FASHION MODA. South Korean artist Geumhyung Jeong, whose robot sculptures were a star of last year’s Venice Biennale, has collaborated with designer Miuccia Prada on her latest Miu Miu show, running in Paris today, WWD reports. ● On Monday, Louis Vuitton staged its latest show at the Musée d’Orsay in Paris, the Associated Press reports. ● Earlier in Paris Fashion Week, Dior worked with with Portuguese artist Joana Vasconcelos on its show, ARTnews reports. ● And as you may have noticed, the work of Keith Haring is all over the fashion industry, from luxe lines to mass-market buys. In the Financial TimesMark C O’Flaherty investigated. “Haring’s work is easy to understand, but it also transcends time, like rock stars from the past,” said designer Junya Watanabe , whose SS23 men’s collection features the artist’s imagery. The late artist would likely be pleased. As dealer Jeffrey Deitch put it to the FT: “He wanted to create inexpensive and accessible art products that people could wear and collect.”

Related Articles

HUMAN RESOURCES. The Dallas Museum of Art has named Nicole R. Myers to a newly established post: chief curatorial and research officer. Myers, who had been serving as interim chief curator, has been with the museum since 2016, and will continue to be its senior curator of European art. The DMA has also hired Anabelle Gambert-Jouan, a former fellow at the Yale Center for British Art, to be assistant curator of European art. Meanwhile, Brussels’s Jan Mot gallery, a specialist in the conceptual and dematerialized, has hired Antony Hudek, previously the director of the Museum Dhondt-Dhaenens in Belgium, as director. “I am thrilled and honored to be able to work for Jan Mot, a gallery committed from the first to defending artistic quality over its commercial currency,” Hued said in a statement.

The Digest

The graphic designer David Lance Goines, whose lucid posters advertised the famed restaurant Chez Panisse and other Bay Area businesses, has died at 77, of complications from a stroke. “My job is to get your attention and keep it long enough for the message to get across,” he wrote. [The New York Times]

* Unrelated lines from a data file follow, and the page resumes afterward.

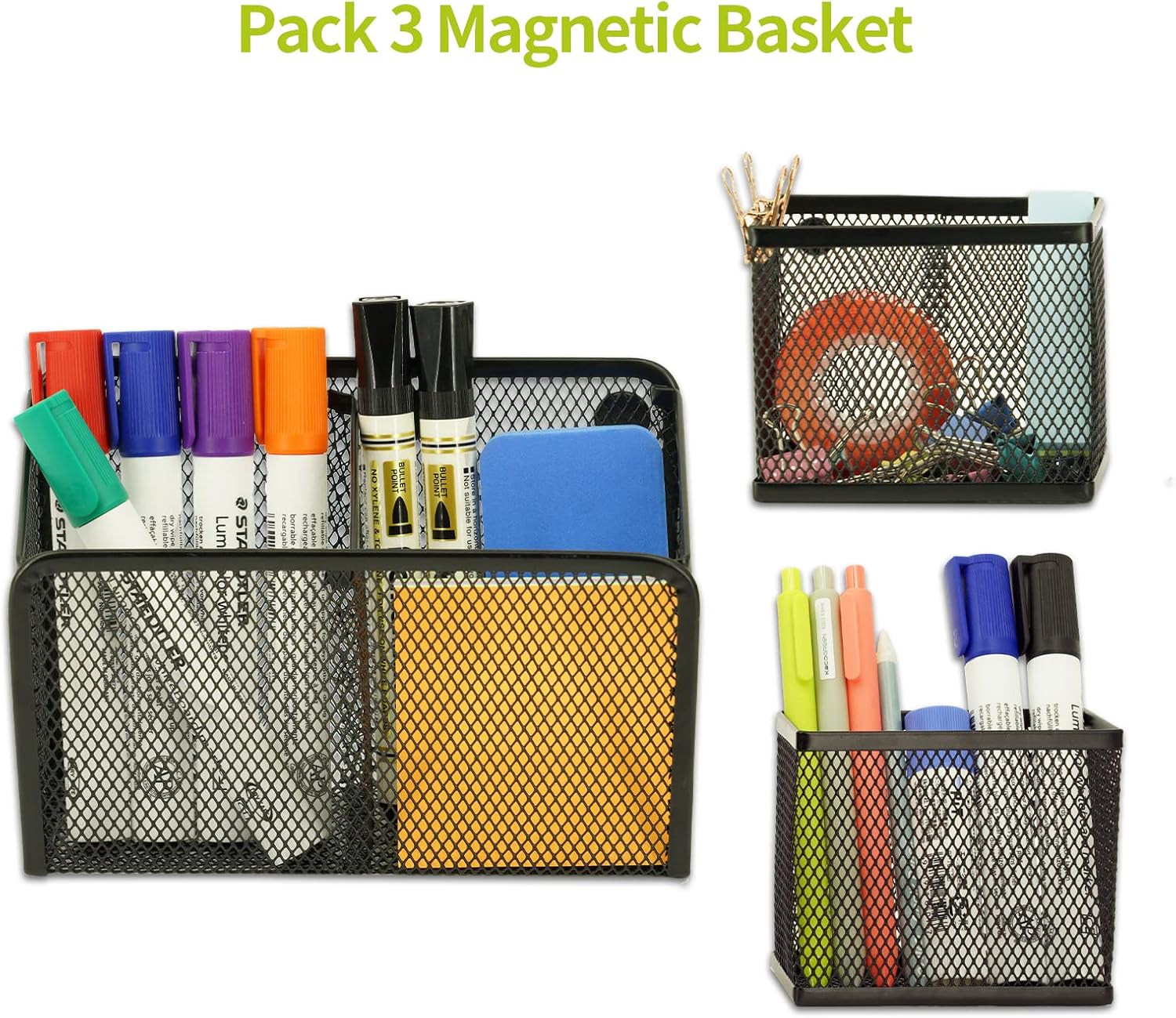 • [Magnetic Locker Shelf Organizer] Magnetic baskets by Neudeco brings organization with 3 pack pencil holder that sets office necessities and more in order. The 2- compartment organizer can be attached to the refrigerator for shared family storage, one cup holder can be given to each child for cleaner lockers, or you can keep them all for your own use to conduct much-needed home office work
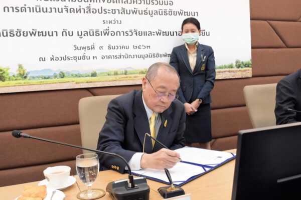 ✨วันที่ 9 ธันวาคม 2563 ดร.สุเมธ ตันติเวชกุล กรรมการและเลขาธิการมูลนิธิชัยพัฒนา และพลเอก ภุชพงศ์ พงษ์ศิริ ประธานกรรมการมูลนิธิเพื่อการวิจัยและพัฒนาอย่างยั่งยืน ร่วมลงนามในบันทึกข้อตกลงความร่วมมือระหว่างมูลนิธิชัยพัฒนา และมูลนิธิเพื่อการวิจัยและพัฒนาอย่างยั่งยืน ในการจัดทำสื่อประชาสัมพันธ์มูลนิธิชัยพัฒนา ณ ห้องประชุมชั้น 3 สำนักงานมูลนิธิชัยพัฒนา กรุงเทพฯ
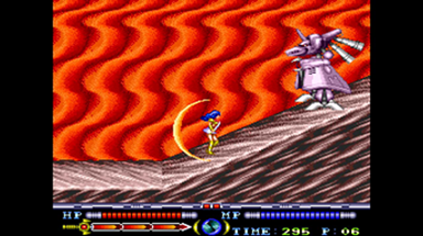 中ボスが待ち構えています。 下方向に 3WAY を撃ちつつ移動し、優子の上に来ると落下してきます。 また、時々地面に 4 つの炎を撒きます。 この炎は暫く残るうえ、接触しているあいだ連続ダメージを受ける危険な攻撃です。 3WAY は破壊可能なので、大きく距離を取って戦いましょう。 炎はぶつからないように中ボスが反対側へ行ってる隙に飛び越えましょう。 |
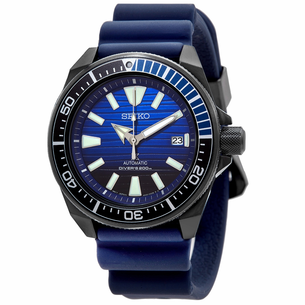 Black-plated stainless steel case with a blue silicone strap. Uni-directional rotating black-plated bezel with a black and blue ring. Blue dial with silver-tone hands and index hour markers. Minute markers around the outer rim. Dial Type: Analog. Luminescent hands and markers. Date display at the 3 o'clock position. Seiko Caliber 4R35 Automatic movement, containing 23 Jewels, bitting at 21600 vph, and has a power reserve of approximately 41 hours. Scratch resistant Hardlex crystal. Screw down crown. Solid case back. Round case shape. Case size: 43.8 mm. Case thickness: 12.8 mm. Band width: 22 mm. Tang clasp. Water resistant at 200 meters / 660 feet. Functions: date, hour, minute, second. Prospex Series. Watch label: Japan Made. Seiko Prospex Automatic Blue Dial Mens Watch SRPD09K1.
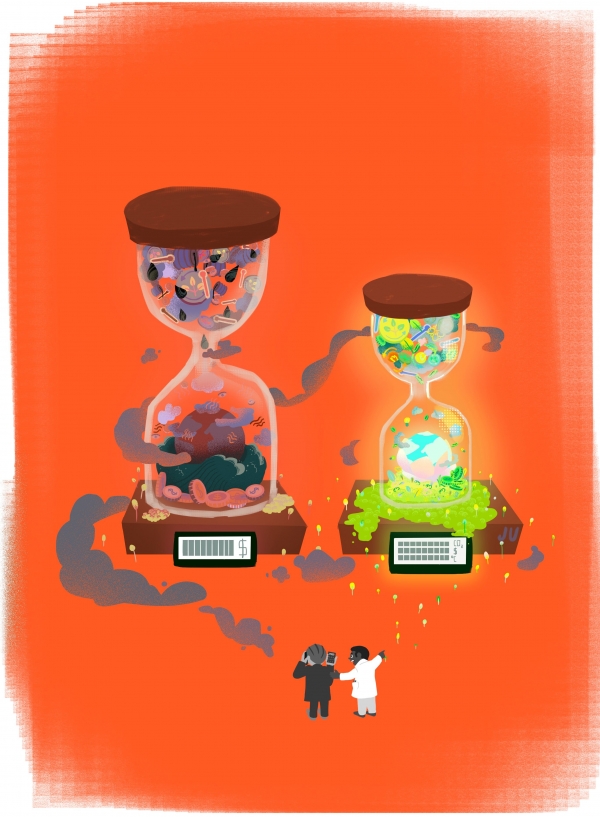 Image: A new study suggests that building infrastructure for cleaner energy generation will by itself create carbon emissions, but the faster it happens, the fewer they will be. (Illustration by Julie Morvant-Mortreuil)
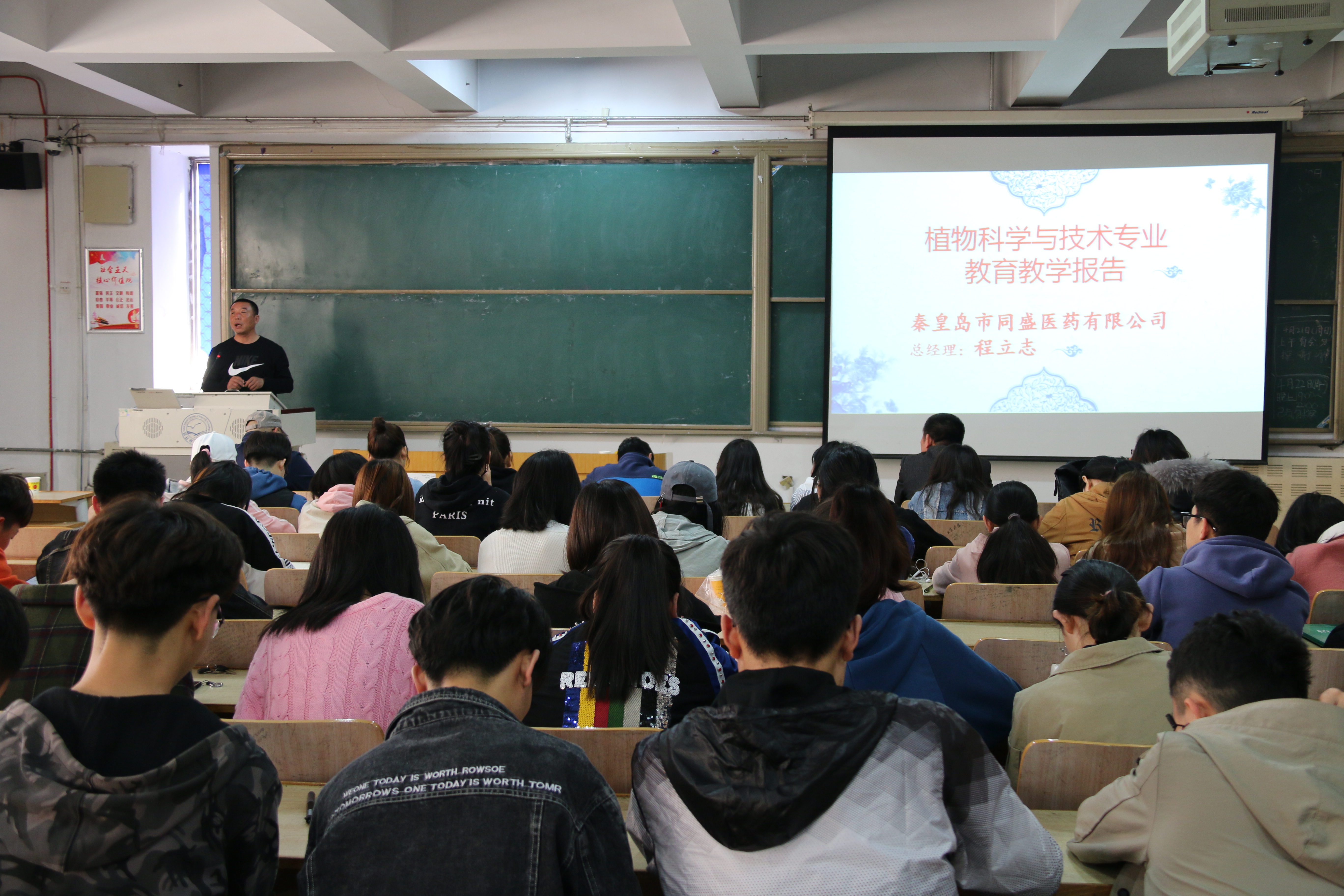 2019年4月21日,yl23455永利集团邀请秦皇岛市同盛医药有限公司总经理程立志来我校作题为“中药材发展与人才能力需求”的教育教学报告,植物科学与技术专业、植保专业200余名学生听取了报告。
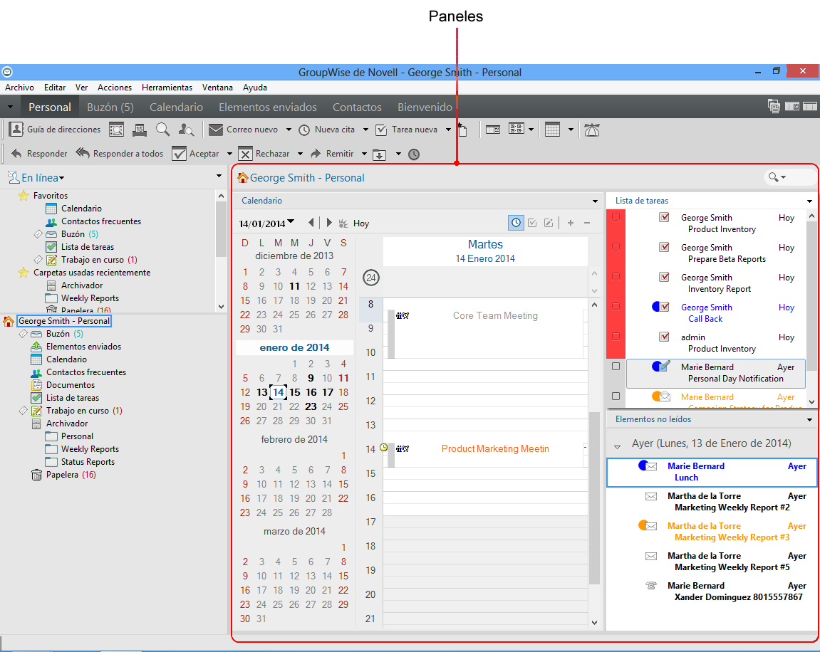 Un panel es una vista personalizada con información de GroupWise. Por ejemplo, la vista principal por defecto incluye un panel de mensajes no leídos que muestra una lista de los elementos que aún no ha leído. El panel de lista de tareas es otro panel por defecto de la vista principal. Este panel muestra los elementos de la carpeta Lista de tareas.

Sotheby’s and Russian billionaire Dmitry Rybolovlev will pursue mediation with a magistrate judge to resolve a suit brought by Rybolovlev that alleges that the house helped his former dealer overcharge him for art acquisitions. A judge recently proposed that a trial could be “expensive, risky, and potentially embarrassing.” [Reuters]

Tate Liverpool in England will close in October for a roughly £30 million ($36.1 million) renovation and is scheduled to reopen in 2025. It is “time for us to reimagine the gallery for the 21st century,” the museum’s director, Helen Legg, said. [BBC News]

Singer-songwriter and artist John Mellencamp—who was interviewed in ARTnews in 2018—is donating his archives to Indiana University; its Sidney and Lois Eskenazi Museum of Art in Bloomington will stage a show of his paintings during the 2023–34 school year. [Variety]

Artist Jaune Quick-to-See Smith, a citizen of the Confederated Salish and Kootenai Nation, is curating a show at the National Gallery of Art in Washington, D.C., that is scheduled to open in September, and feature some 50 living Indigenous artists. Smith is the first artist to curate a show at the museum. [The Art Newspaper]

Archaeologists working at the Dendera temple in the Qena province of Egypt have found a small statue that resembles the Sphinx in Giza. Its smile, the researchers believe, may be modeled on that of the Roman emperor Claudius, who reigned near the middle of the first century. [Sky News]

The Kicker

STYLE GUIDE. Some people own many Hermès bags. It was recently reported that the family of billionaire Hong Kong art collector Joseph Lau owns more than 1,000 of those prized items. But if you are just getting into that world, perhaps eying a Birkin or a Kelly that will soon to be offered at your local auction house, the New York Timeshas the story for you. In short, it reports that many Birkin connoisseurs think that wearing a very fresh bag is tacky. The classier move: a well-worn bag. Writer W. David Marx explained that view like this: “I don’t even care if it gets beat up, because I’m not using this for status marking.” Note that while that is fine attitude for luxury goods, it is best not to apply it to works of art. [NYT]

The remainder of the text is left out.